В зале сделалось невыносимо душно, а свободные места отсутствовали из-за обилия маленьких зрителей, восхищенно смотревших на сцену и никакой духоты не замечавших. Александр Борисович вздохнул, представив, что именно скажет ему Ирина, если ему вообще удастся объявиться у нее до обеда, и счел за благо присесть на корточки. Спектакльконцерт из такого положения ему виден не был, так же как и маленькие артисты. Зато Дениса, вошедшего в зал на пару с белокурой девчонкой, он увидел сразу. Ну пусть только закончится это так называемое мероприятие, покажет он, где раки зимуют, и Денису, и Меркулову... Вот почему Костя был вчера так уверен, что раньше середины дня Турецкий в Генпрокуратуре не объявится!..
В этот момент произошло нечто заставившее Александра Борисовича насторожиться и отвлечься от своих мстительных размышлений.

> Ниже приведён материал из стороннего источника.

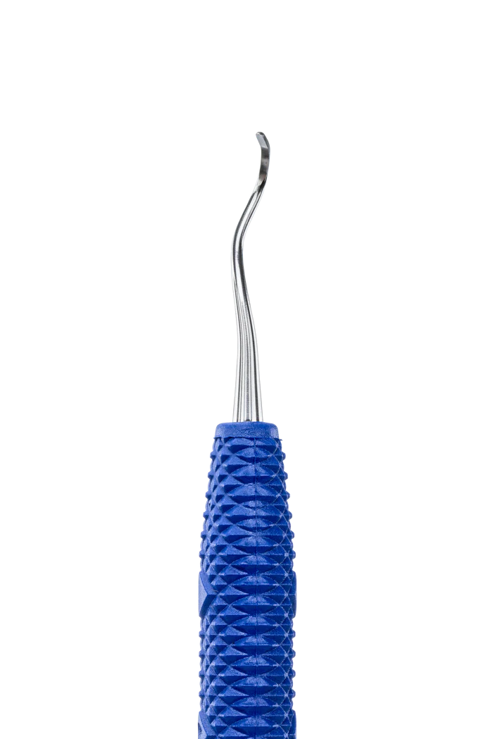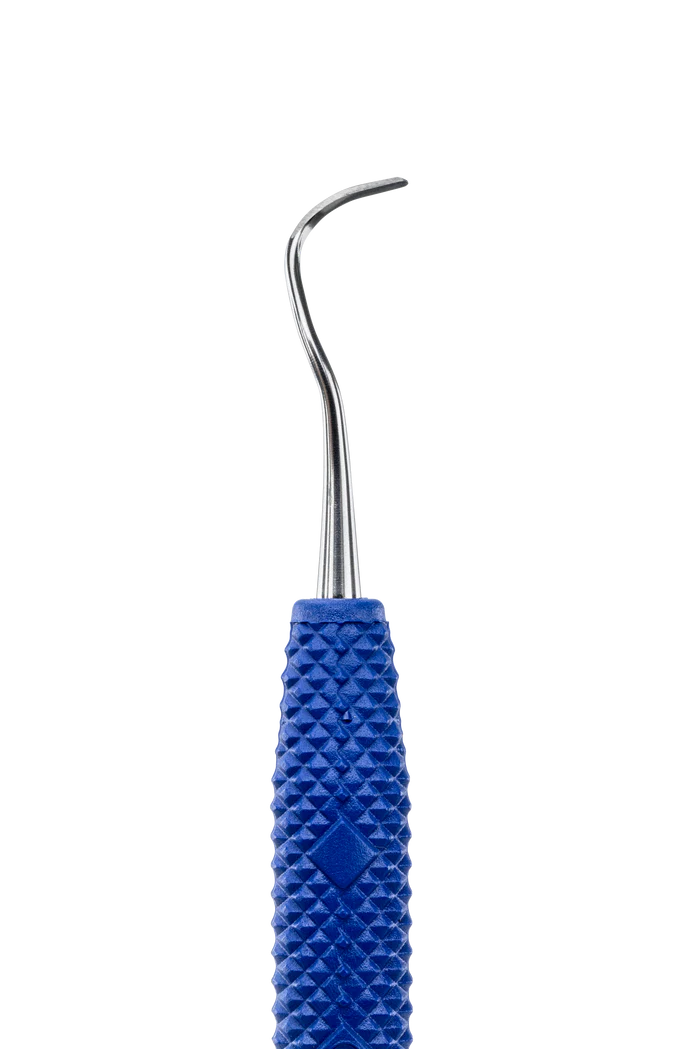 The PDT McCall 17-18 features a long, curved universal blade with two cutting edges and a rounded toe.

В зале как будто ничего не изменилось, разве что тишина, нарушаемая до этого звуками, характерными для детской аудитории, не способной, как известно, сидеть смирно и не шевелясь дольше пяти минут, вдруг сделалась действительно тишиной. А интуиция Турецкого, отточенная за долгие годы работы, напротив, подала сигнал тревоги – довольно отчетливый...
Бросив быстрый взгляд на уже стоявшего рядом с ним Дениса, Александр Борисович понял, что не ошибся: лицо Грязнова-младшего белело на глазах, напряженный взгляд был устремлен на сцену... Турецкий, слегка приподнявшись, проследил за ним.
А на сцене и впрямь происходило нечто никем и ничем не предусмотренное... Маленький мальчик, видимо только что произносивший свой текст, слегка приоткрыв рот, смотрел на внезапно объявившуюся рядом с ним девочку... Или девушку?.. В ней Турецкий узнал спутницу Дениса, вошедшую с тем в зал.Девушка была неестественно бледна. Слегка оттолкнув малыша, она шагнула к краю маленькой сцены:
– Сейчас, – произнесла Майя звенящим голосом, – я прочту вам замечательные стихи о маме...
Денис скользнул прищуренными глазами в сторону зрителей, тоже ощутив всей шкурой сигнал тревоги, но пока еще не понимая, что происходит. Судя по всему, этого не понимал не он один: на лице Натальи Павловны, повернувшейся в этот момент к сидевшей позади нее женщине, видимо воспитательнице, читалось глубокое недоумение. В тишине, установившейся после фразы, произнесенной Майей, отчетливо послышался голос заведующей:
– Что это за девочка? Из какой группы?..
Ответом ей было недоуменное пожатие плеч. Ни на то, что происходит в зале, ни на своего спасителя девушка никакого внимания не обратила, она действительно начала декламировать:
– «Мне мама приносила игрушки, конфеты, но маму люблю я совсем не за это. – Щеки Майи слегка порозовели, а тишина в зале сделалась абсолютной... Если и была здесь, в детском доме, запретная тема, то девушка выбрала ее безошибочно... – Веселые песни она напевает, нам скучно вдвоем никогда не бывает!..»
Она читала, кажется, бесконечно долго, и смутная мысль, забрезжившая у Александра Борисовича, заставившая его внутренне содрогнуться, еще не успела оформиться, когда он уже повернулся к замершему на месте Денису, а в онемевшем зале раздался скрип стула: с места вскочила заведующая...– Сидеть! – Майя оборвала себя на полуслове и, прищурив глаза, впилась взглядом в лицо Натальи Павловны. – Сидеть, я сказала, иначе все взлетите на воздух!..
Едва заметным движением девушка задрала куртку, и заведующая, ахнув, упала на стул, вскрикнул кто-то из старших детей.